If can attacker can’t get into your network, then they’ll wait for you to come out. In this video, you’ll learn how watering hole attacks can be used to attack a company outside of their own network.
In previous videos, we’ve talked about how easy it would be to gain access to someone’s network by leaving USB keys around their parking lot, hoping that somebody picks one up on the way into the office and plugs it into their computer once they get to their desk. But what if your employees are so well-trained that a USB key in a parking lot is not going to be plugged in? And they’re going to prevent any type of access from the outside. You’ve done such a good job at training your employees that they’re not going to click links inside of their emails either. And they’re not going to run any type of attachments that may come with any of the messages.
So instead of the attacker trying to get inside of your network, they’ll instead, try to gain access to the system that you will access later on. We refer to this as a watering hole attack. That means the attacker will poison the watering hole and simply wait for you to visit.
This obviously requires for the attacker to do a little bit of research. They need to understand what third party sites your organization might visit, and then try to find a way into that third party site. This might be something that your employees do every day. For example, they might submit orders on a website for a local coffee shop or sandwich shop. And if the attacker can gain access to the sandwich shop web server, they could potentially infect your company.
Of course, this would require that there be some type of vulnerability associated with that third party website. Or maybe they’re sending email attachments to the sandwich shop, hoping the sandwich shop clicks on it so they can gain access to their network, and then ultimately gain access to your network. As part of this watering hole attack, the attacker may be poisoning all of the water for everyone who visits this particular website. But of course, they know that eventually, your organization will visit this sandwich shop website. And that’s the one connection that they’re interested in pursuing.
Here’s a good example of a watering hole attack being used. This occurred in January of 2017. And the attackers were successful in poisoning the water in the Polish Financial Supervision Authority, the National Banking and Stock Commission of Mexico, and the state-owned bank in Uruguay. Once these sites were exploited, they added malicious JavaScript files to the web server. But they were very specific on who they were trying to infect.
In fact, they did not poison the entire water, but only a section of the water, only IP addresses that were associated with particular financial organizations. And banks would receive these malicious JavaScript files. Everyone else who visited these sites saw the normal site with no malicious code.

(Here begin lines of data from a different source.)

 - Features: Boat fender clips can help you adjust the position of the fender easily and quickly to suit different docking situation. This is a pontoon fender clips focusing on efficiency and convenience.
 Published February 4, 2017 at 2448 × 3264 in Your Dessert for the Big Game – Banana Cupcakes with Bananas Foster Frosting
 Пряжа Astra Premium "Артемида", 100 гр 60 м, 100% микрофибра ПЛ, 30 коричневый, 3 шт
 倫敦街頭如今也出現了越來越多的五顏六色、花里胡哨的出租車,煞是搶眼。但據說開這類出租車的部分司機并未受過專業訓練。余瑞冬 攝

Unfortunately, the results of this watering hole attack were never made public. So we’re not sure if the attackers ever eventually got the access they were hoping to find from these third party sites. But we do know that they infected quite a number of sites through this watering hole attack.

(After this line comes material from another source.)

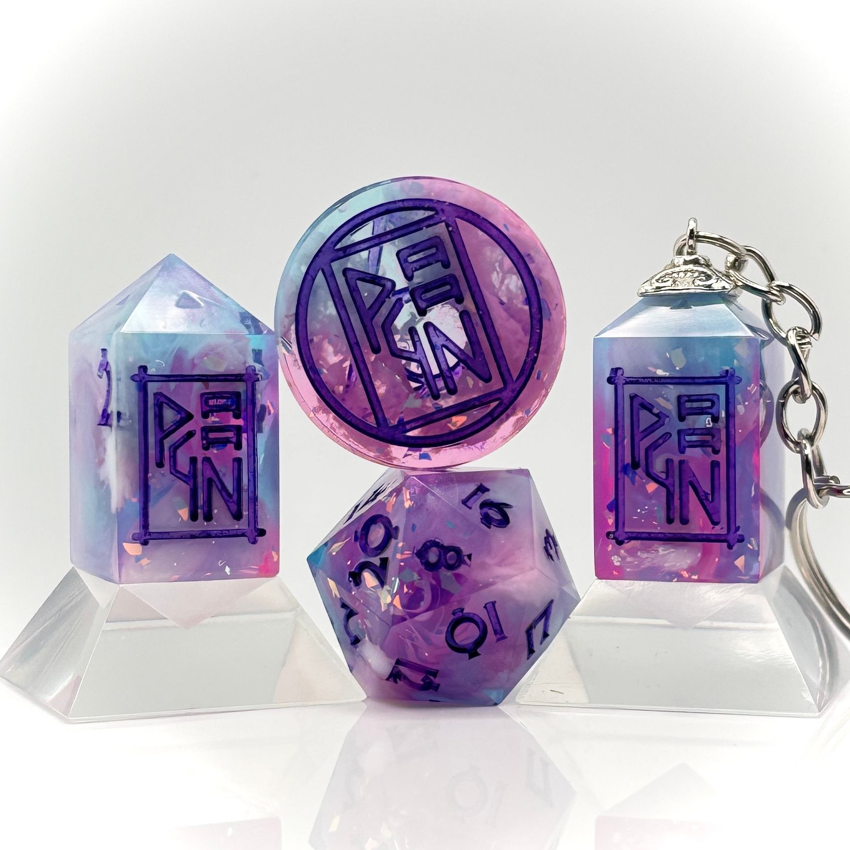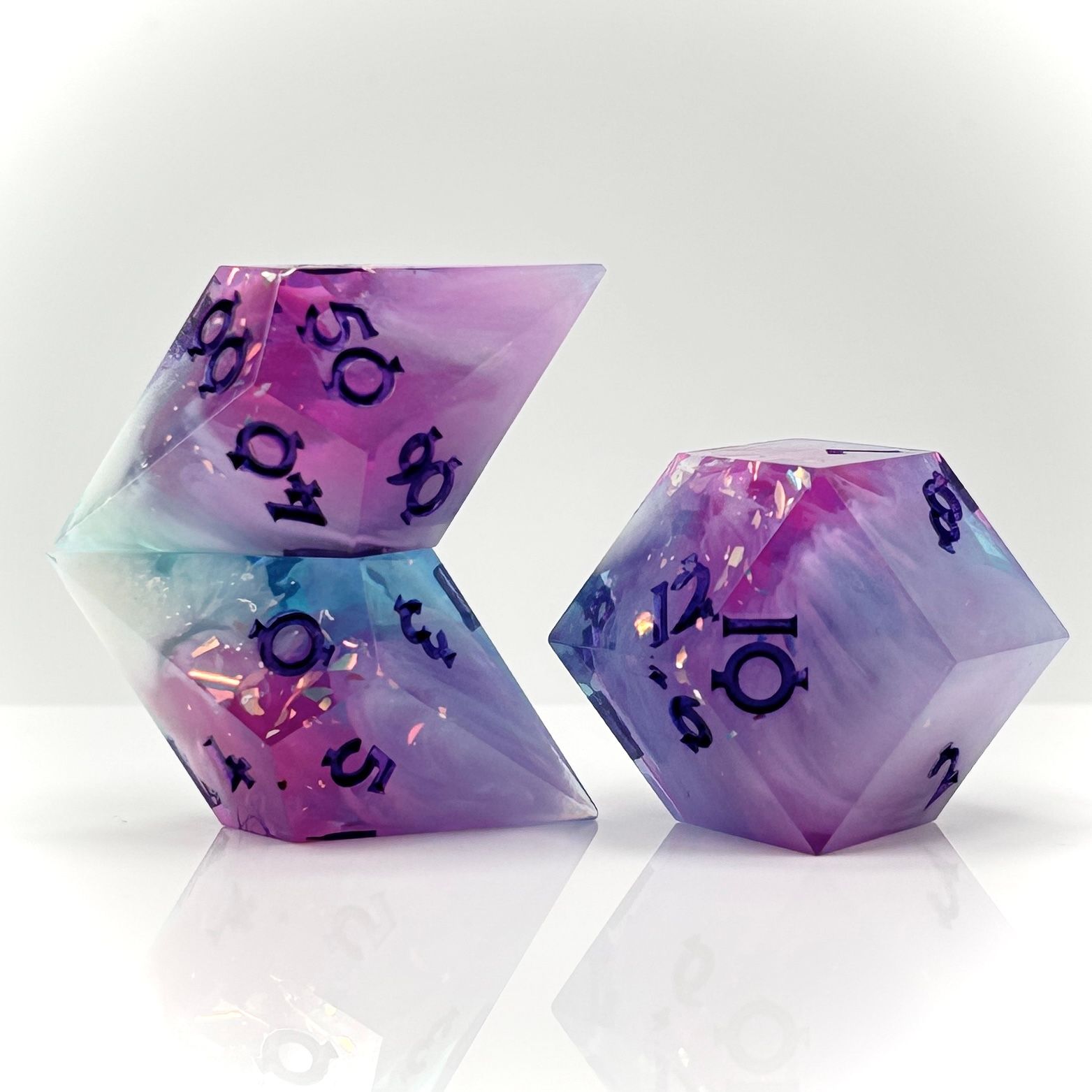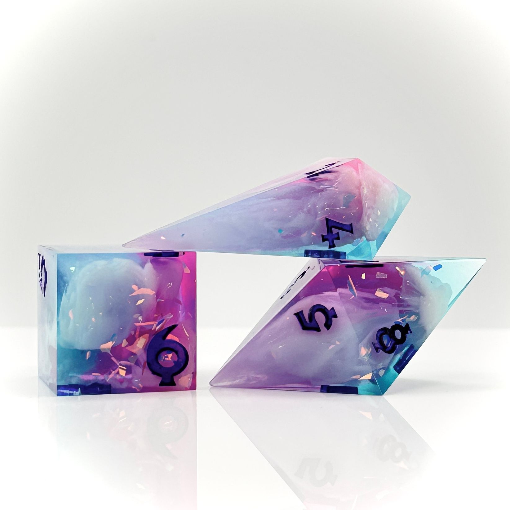 A beautiful blue and pink/purple set of cloud dice with a deep metallic ink and a liittle shimmer added with some mylar glitter.

There’s not any one thing that can help prevent a watering hole attack. You need to have a layered defense, or what we call in the industry as defense in depth. This means that you might have antivirus, a firewall, an intrusion prevention system, and multiple layers of security, so that if one device doesn’t recognize something malicious, perhaps one of these other layers certainly will.
This is why we often see firewalls and intrusion prevention systems often bundled together. The firewall might allow this traffic through. But once the traffic gets to the IPS, it will recognize that the contents of that network traffic are indeed malicious.
And in the case of the malicious software that was running on the Polish Financial Supervision Authority, anyone who visited that site with those specific IP addresses and was using Symantec’s antivirus software would receive a message saying that it recognized malicious code. And it would stop that from executing on an individual’s computer. By putting these multiple layers of security in place, you’re increasing the odds that you might recognize and block any of this malicious software.